Essentially, the theory is summarized by saying that, when the governess enters the household, she encounters the two kids in their natural, innocent stage. However, as her own sexual frustrations start to manifest, she sees how the children, who are 8 and 10, could also fall prey to bad thoughts and influences. When she sees the ghosts (or thinks she sees them), she realizes that the children have already been tainted by some form of impurity in their past. That, like already mentioned, they have witnessed Peter Quint and Miss Jessell's improper conduct.

The idea of Miss Jessell, her life, her death, and her deviant behavior, make the governess feel as if she, too, could end up like her. As such, she mirrors these views on Flora, and she starts to dislike her. She (Flora), too, may face the same dire future.
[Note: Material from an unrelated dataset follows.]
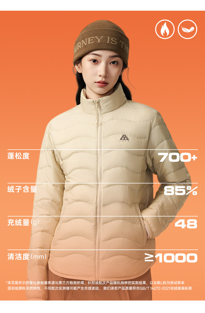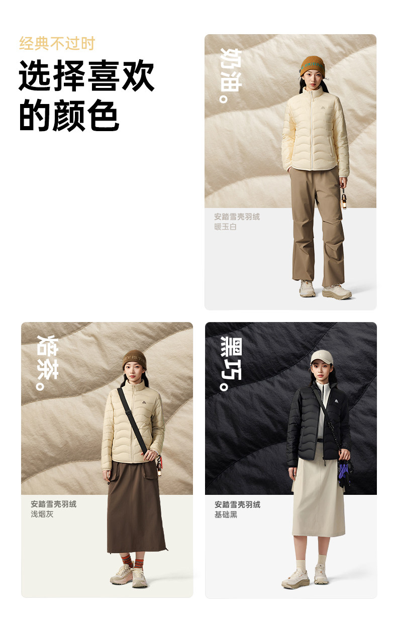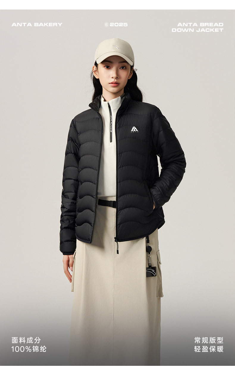 Anta Quilted down Jacket with Goose Down, Lightweight and Thin, Women's Winter Outdoor Slim-Fit Warm Inner Layer Casual Top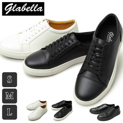 スニーカー メンズ 白 好評 ホワイト 黒 ブラック ローカット レースアップ シンプル フェイクレザー PUレザー カジュアル ストリート フォーマル glabella LACEUP SNEAKERS 靴 メンズシューズ

As a result, Flora begins to look "ugly" in the eyes of the governess:

"[her] incomparable childish beauty had suddenly failed, had quite vanished . . . she was hideously hard; she had turned common and almost ugly."

According to Siegel, the evidence of sexual hysteria in the governess are very clear:

  • Isolation—Bly was a faraway country estate
  • Depression—she was away from family for the first time
  • Stress—from such an enormous household and being a young woman with no previous experience in childcare being entirely in charge of children
  • Sexual frustration—she apparently fancies her employer, whom she sees maybe twice, and he hardly notices her. 
  • Loneliness—she is literally on her own in that huge home with the exception of the other service people

Therefore, the sexual hysteria and repression that oppresses the governess, just like the sexual deviant behavior of Jessell and Quint, all contribute to the overall corruption of the innocence of the kids.